A Texas solar installer is spreading the word that rooftop solar installations can increase real estate values.
CAM Solar sent out a press release this week circulating the news that a recent study from Wells Fargo published in the Journal of Appraisers found that solar electric systems add 20 times the annual utility savings they generate to the real estate value of the home.
“This increases the value of a home by 3-4 percent,” according to the release. “That would mean an average 5-kilowatt solar system could add up to $9,000 in equity to the home it was installed on.”
And that’s great news for homeowners thinking about investing in solar. It means they’re likely to recover most, if not all, of their capital investment in their solar array even after enjoying savings on their utility bills for years.
If a homeowner pays $5 per watt, a 5-kilowatt system would cost $25,000, minus the 30 percent federal tax credit and utility rebates, which often reach to about another 30 percent of the system cost.
CAM installs solar arrays on residential rooftops in Texas, including condominiums and apartment complexes and works with builders who want to include rooftop solar energy systems with the homes they sell.
The recent Wells Fargo and Journal of Appraisers study echoes the results of a comprehensive 2011 study from researchers at the Lawrence Berkley National Laboratory.

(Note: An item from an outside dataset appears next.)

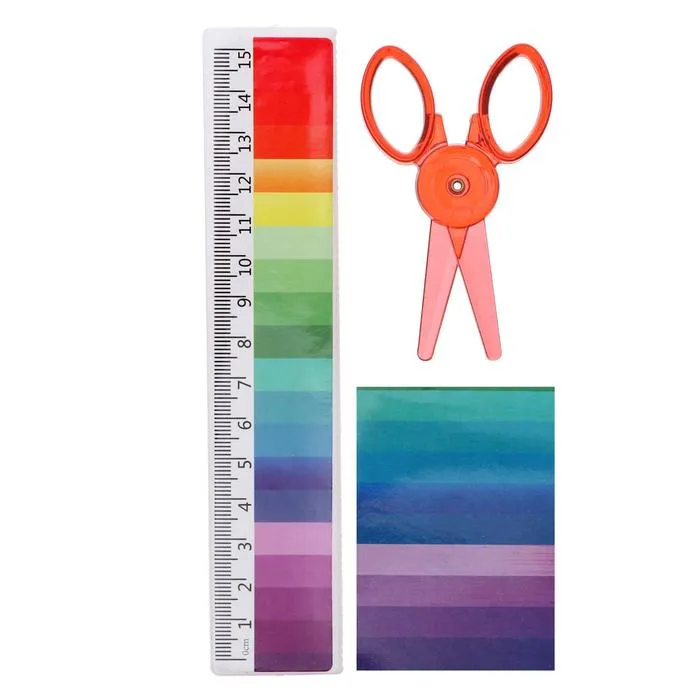 Набор настольный детский "Радуга" (подставка+2 каранд+линейка+точилка+ластик+блокнот 8 листов+ножницы)

The researchers compared home sales prices of houses with and without solar installations in California. While the study period ended in 2009, it found that California homes with solar photovoltaic panels sold for a premium over those without them. At that time, the premium ranged from $3.90 to $6.40 per watt of capacity, according to a New York Times article. And at that time, the average cost of a solar array was $5.50 per watt.

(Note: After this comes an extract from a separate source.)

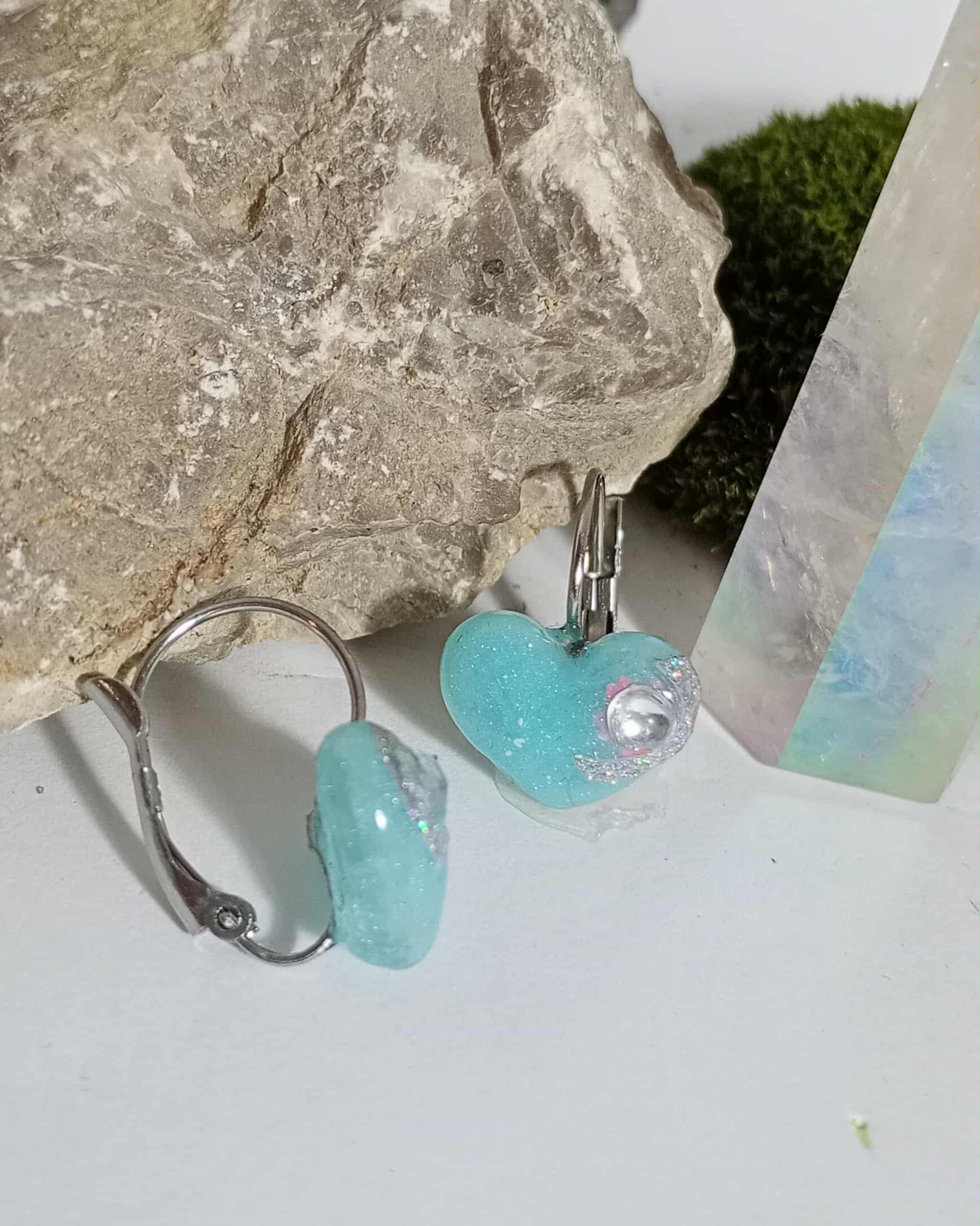 Ručne vyrobené náušničky z epoxidovej živice,  trblietok a drobného dekoračného materiálu. Zapínanie nerezové.

The average sales price premium came out to about $17,000 for a 3-kilowatt system.
“These average sales price premiums appear to be comparable to the investment that homeowners have made to install PV systems in California,” according to the study.
However, that study found that people who bought brand new homes with solar already installed on them were less likely to get the same premiums when they sold their homes. And there was no mention of homeowners who leased rooftop solar panels in either release.